1. Federal Arbitration Act Trumps Civil Rights Remedies.
2. Employees May Now Condition Offers of Employment on Agreements to Arbitrate.
3. Court Gives Effect to the Federal Policy in Favor of Arbitration over Litigation.
B. In What Context do These Issues Arise.
C. Circuit City v. Adams Illustrates the Tension Between Individual and Collective Rights.
1. Collective Rights of Employees Are Distinguished from Individual Rights.
2. In Gilmer the Court Holds That Individual Employee Rights Claims Can Be Arbitrated Despite Comprehensive Administrative and Judicial Remedies Enacted by Congress.
D. Ruling Has Adverse Effect on the Civil Rights of Workers.

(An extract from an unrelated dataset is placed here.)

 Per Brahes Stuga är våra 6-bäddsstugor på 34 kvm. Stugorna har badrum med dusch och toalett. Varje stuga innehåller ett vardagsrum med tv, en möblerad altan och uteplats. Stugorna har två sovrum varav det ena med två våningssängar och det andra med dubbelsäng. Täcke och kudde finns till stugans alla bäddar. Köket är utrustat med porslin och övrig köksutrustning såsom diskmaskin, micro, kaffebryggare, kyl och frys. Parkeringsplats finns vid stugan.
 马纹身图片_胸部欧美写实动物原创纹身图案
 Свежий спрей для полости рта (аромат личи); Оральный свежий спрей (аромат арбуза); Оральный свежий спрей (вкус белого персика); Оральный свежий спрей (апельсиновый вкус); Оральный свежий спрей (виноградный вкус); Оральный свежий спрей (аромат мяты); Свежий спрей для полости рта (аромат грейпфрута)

1. Supreme Court Views Arbitration as a Substantial Equivalent to Proceeding in Court.
2. Significant Procedural Differences May Deny a Remedy.
E. Supreme Court Will Have More to Say on this Issue in EEOC v. Waffle House.

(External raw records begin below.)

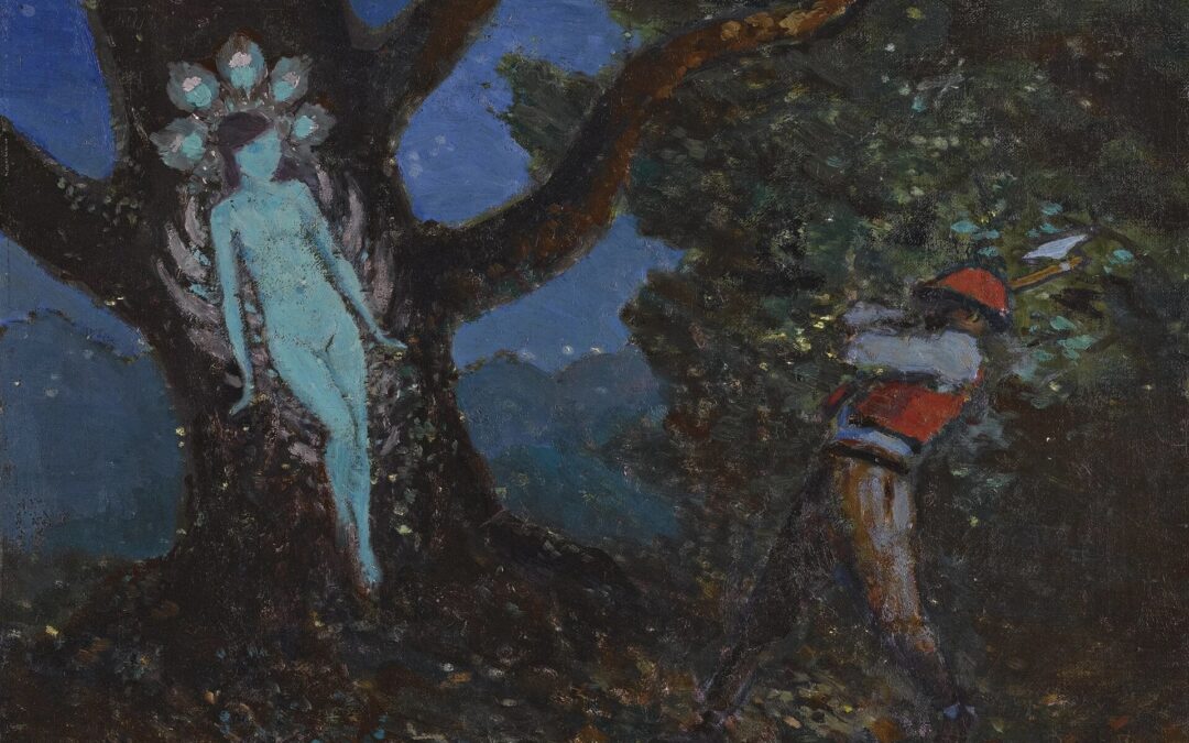 Russell’s mystical visions took inspiration from Irish folklore primarily in his depiction of the fae, as shown above. These works of folklore come from oral and written tales across Ireland, and were hugely impactful from his earliest childhood memories. In our collections, the fae remain hidden in the distance, looming out of sight. But in the dark nights on the second floor, the light may reveal some hidden secrets…
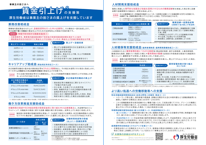 生産性向上(設備・人への投資等)や、非正規雇用労働者の処遇改善等を通じ、労働市場全体の「賃上げ」を支援しています
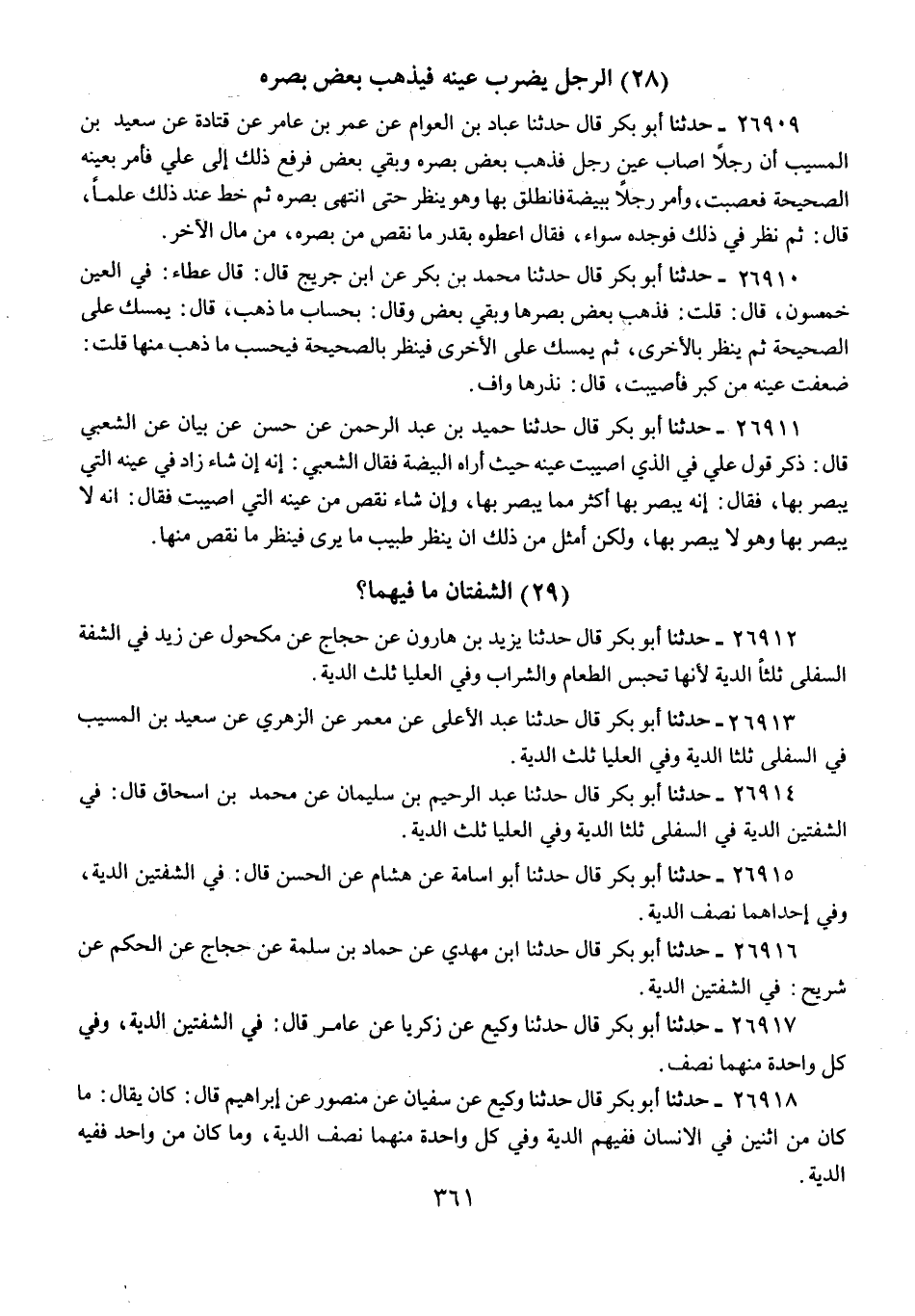 26909 - حَدَّثَنَا أَبُو بَكْرٍ قَالَ: حَدَّثَنَا عَبَّادُ بْنُ الْعَوَّامِ، عَنْ عُمَرَ بْنِ عَامِرٍ، عَنْ قَتَادَةَ، عَنْ سَعِيدِ بْنِ الْمُسَيِّبِ: أَنَّ رَجُلًا أَصَابَ عَيْنَ رَجُلٍ، فَذَهَبَ بَعْضُ بَصَرِهِ وَبَقِيَ بَعْضٌ، فَرُفِعَ ذَلِكَ إِلَى عَلِيٍّ فَأَمَرَ بِعَيْنِهِ الصَّحِيحَةِ فَعُصِبَتْ، وَأَمَرَ رَجُلًا بِبَيْضَةٍ فَانْطَلَقَ بِهَا وَهُوَ يَنْظُرُ حَتَّى انْتَهَى بَصَرُهُ، ثُمَّ خَطَّ عِنْدَ ذَلِكَ عَلَمًا، قَالَ: ثُمَّ نَظَرَ فِي ذَلِكَ فَوَجَدَهُ سَوَاءً، فَقَالَ: «§أُعْطَوْهُ بِقَدْرِ مَا نَقَصَ مِنْ بَصَرِهِ مِنْ مَالِ الْآخَرِ»

In March 2001, Supreme Court ruled that victims of employment discrimination cannot proceed to court if they had signed an agreement to arbitrate. In Circuit City Stores v. Adams, a computer salesman sued his employer for employment discrimination under California's civil rights law
for an alleged pattern of harassment and discrimination. He wanted a jury trial in court. However, Circuit City sought to enjoin the action in court and compel Adams to have the case heard by a private arbitrator, who's decision would be final and binding, leaving Adams with no right of appeal. Circuit City pointed out that it was merely holding Adams to his employment contract - which Adams had signed. It stated that he agreed to "settle any and all" disputes through arbitration.
The Ninth Circuit Court of Appeals held that Adams had a right to try his case before a jury, because the state law under which he sued provided remedies that included the right to a jury trial. In March 2001, however, the Supreme Court reversed the Ninth Circuit holding that the
Federal Arbitration Act of 1925 requires the arbitration of claims under the more recent state and federal employment discrimination laws.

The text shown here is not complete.